Phase68: BF16 F32 Output Dense Serving

  • Date: 2026-07-01.
  • Plan: docs/superpowers/plans/2026-07-01-bf16-f32-output-dense-serving-phase68.md.
  • Artifact: /home/mudler/bench/phase68_bf16_dense_serving/20260701_145710.
  • Serving artifact: /home/mudler/bench/phase68_bf16_dense_serving/20260701_145710/serving_ab_20260701_150249.

Dense prefill:

npp default S_PP opt-in S_PP change
512 973.13 975.52 +0.25%
2048 1019.88 1021.39 +0.15%

MoE serving N=128, prompt 128, generation 128:

metric default opt-in change
agg_tps 409.8 415.0 +1.27%
decode_agg_tps 615.3 627.2 +1.93%
prefill_tps 1630.2 1648.0 +1.09%
ttft_mean_ms 8574.7 8085.9 -5.70%
wall_s 39.978 39.480 -1.25%

Decision:

  • Carry as default-off opt-in candidate pending broader serving evidence.

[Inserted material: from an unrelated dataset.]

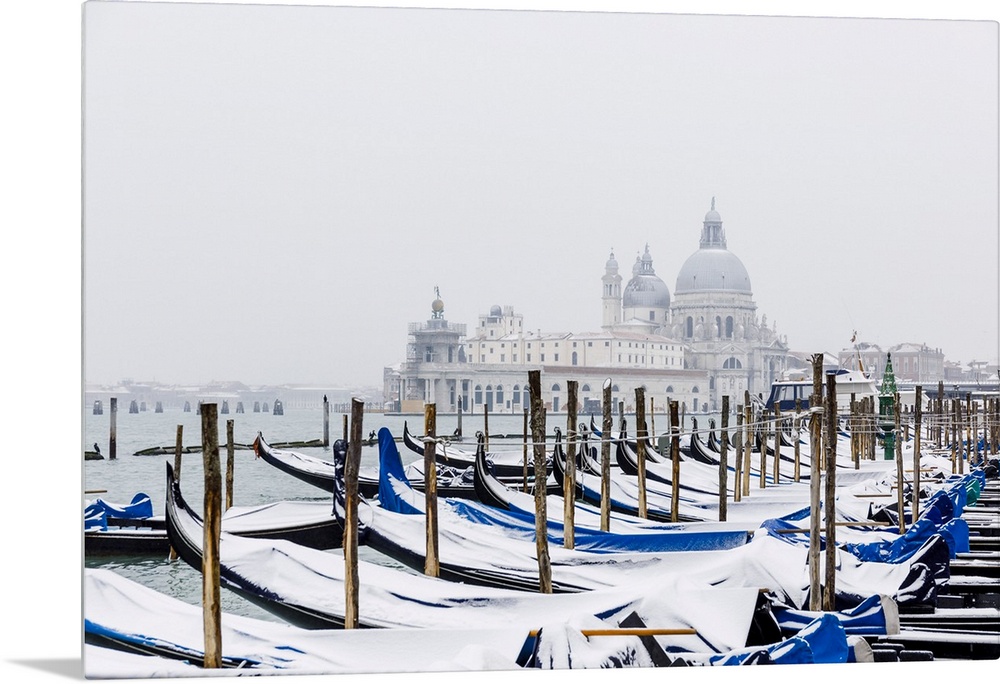 <p>Winter snowfall in the city of Venice, gondolas covered by snow and in the background the church of Santa Maria della Salute, Venice, Veneto, Italy</p>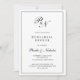 Einladende Probe-Dinner-Einladung mit einem schlichten Design mit Ihren beiden ersten Monogrammen und Ihren Namen in einer eleganten Kalligraphie innerhalb eines dünnen Randes. Die Rückseite ist schwarz. Dieses klassische Schwarz-Weiß-Design eignet sich perfekt für ein Probe-Dinner.

Phase67: BF16 cuBLAS F32 Output

  • Date: 2026-07-01.
  • Plan: docs/superpowers/plans/2026-07-01-bf16-cublas-f32-output-phase67.md.
  • Artifact: /home/mudler/bench/phase67_bf16_f32_out/20260701_144909.
  • Fork commit: ea0875d14 feat(cuda): gate BF16 cuBLAS F32 output.
  • DGX mirror commit: 14fd69f1e.
  • Env gate: LLAMA_BF16_CUBLAS_F32_OUT=1.

Gates:

mode MoE md5 dense md5 MUL_MAT
default 8cb0ce23777bf55f92f63d0292c756b0 5951a5b4d624ce891e22ab5fca9bc439 1146/1146
opt-in 8cb0ce23777bf55f92f63d0292c756b0 5951a5b4d624ce891e22ab5fca9bc439 1146/1146

MoE prefill:

npp default S_PP opt-in S_PP change
512 2347.41 2402.34 +2.34%
2048 2440.18 2456.54 +0.67%

Decision:

  • Keep default-off pending dense and serving A/B.